Jestem eimyr, prywatnie Sławek.
Na karku wisi 21 lat, kolejny rok studiów na Politechnice Warszawskiej, na jedynej, wspaniałej Wylęgarni Zła. Z tego też powodu pomieszkuję w Warszawie w akademiku. Pochodzę z Jaworzna, miasta w województwie śląskim, geograficznie i historycznie należącego do Galicji. Z tego powodu nie jestem hanysem, zagłębiokiem też nie bardzo, jeśli komuś bardzo zależy, może mnie uważać za górala.
Jestem typowym mieszczuchem, który stutysięczne Jaworzno zamienił na warszawskiego molocha. Leń ze mnie, pacan i arogant. Uwielbiam humor nieco absurdalny, leczo i muzykę celtycką. Słucham też mhrocznych utworów metalu symfonicznego, względnie trve norvegian black metal
Przygodę z klimatami fantastycznymi zacząłem jakoś w podstawówce, kiedy mój nieoceniony wujek, który posiada właściwie całą klasykę polskiego S-F, pożyczył mi jakąś książkę (wstyd nie pamiętać jaką...) Lema. Teraz czytam najróżniejsze rzeczy, czasem wracając do kanonu, czasem idąc w stronę nowego. Uwielbiam Gaimana, Lovecrafta i Kutnera, nie pogardzę Dickiem, podziwiam Asimova, wyrosłem z Pratchetta i pozostaję w głębokim szacunku do Zajdla.
Nie jestem wielkim fanem komiksów, ale czytam niektóre serie z ogromną przyjemnością, jak choćby Hellboya albo Preachera. Kupiłbym Sandmana, ale ceny są zawrotne.
Na systemy RPG pora przyszła zdecydowanie później, kiedy wprosiłem się na sesję Wiedźmina. System zarzuciłem, kiedy nieco okrzepłem i byłem w stanie obiektywnie go ocenić. Potem były, a jakże, D&D, a po nich Wampir: Maskarada, w którym pozostawałem najdłużej. Urzekł mnie Mag: Wstąpienie, który uważam za najlepszy system EVER. Wstyd mi, że nie znam i nie grałem w Warhammera, ale nigdy nie miałem takiej okazji. Pozostaję dzieckiem WoDa.

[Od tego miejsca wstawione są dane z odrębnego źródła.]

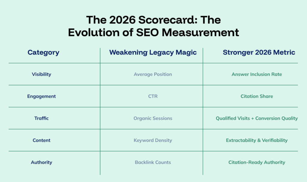 Legacy SEO Metrics vs. 2026 AI-Era Growth Metrics
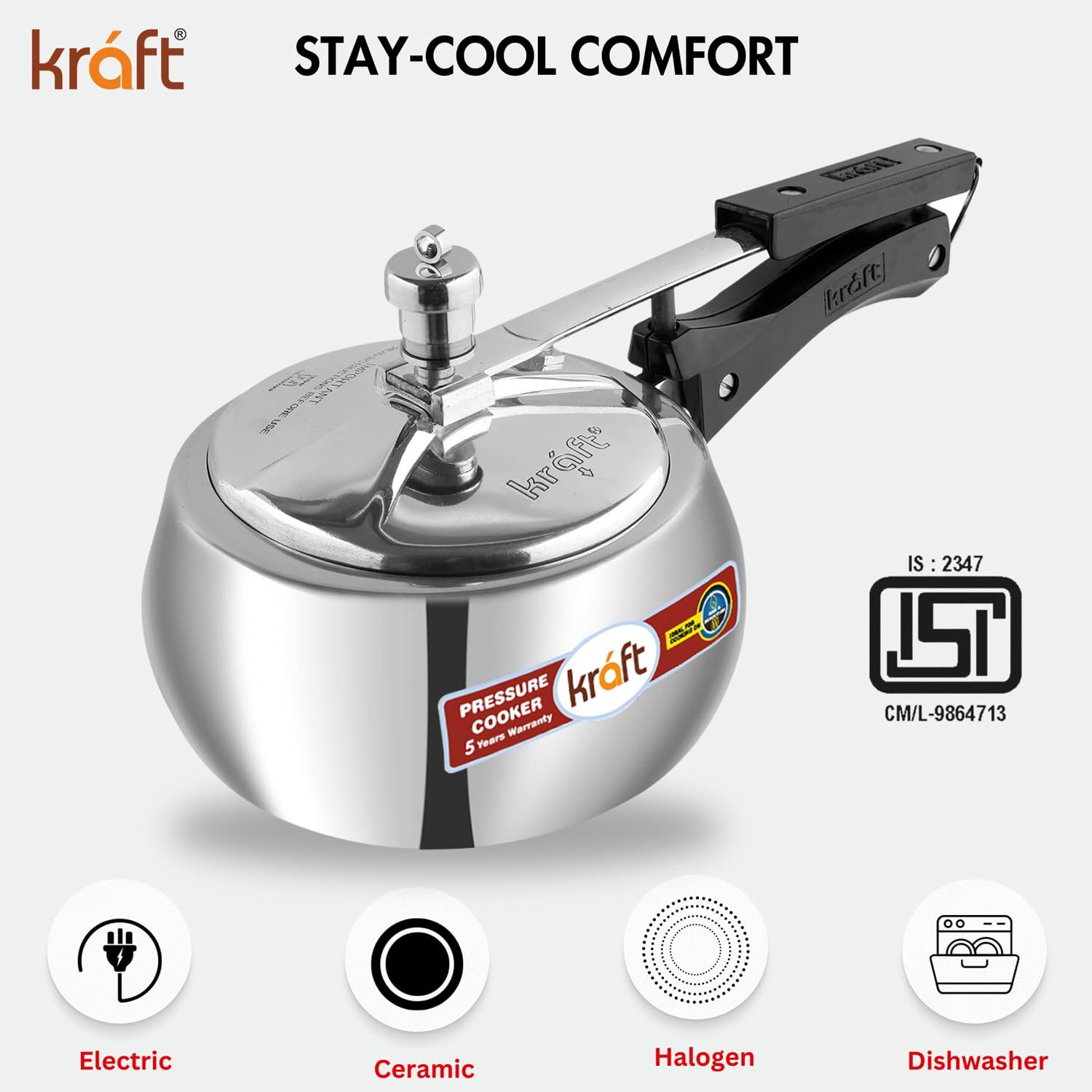 2 reviews for Kraft Stylo Handi Shaped Aluminium Inner Lid Pressure Cooker Medium – 3 Litre/Healthy Cooking, Long Lasting/Induction Friendly / 5 Years Warranty/ISI Certified – Silver

Przy komputerze nie ograniczam się do cRPG, zdarza mi się przejść jakiegoś shootera, pograć w RTSa albo narzekać na kolejną część NFS. Ostatnio ciągnie mnie do przygodówek. Głupio się przyznawać, ale mam spore zaległości w dziedzinie klasyki cRPG. Ostatnio często zdarza mi się ślinić do pięknej grafiki.
Chociaż zacząłem dawno temu, oglądam ostatnio nieco anime, jest to sprawka Danego. Znaczy, Dany mi podsyła tytuły, przypominając o istnieniu anime, a ja oglądam inne. Podobnie zresztą jest z innymi filmami - oglądam te, których mi nikt osobiście nie poleca. Uważam też, że Higurashi no Naku Koro Ni jest głupie i wcale nie straszne.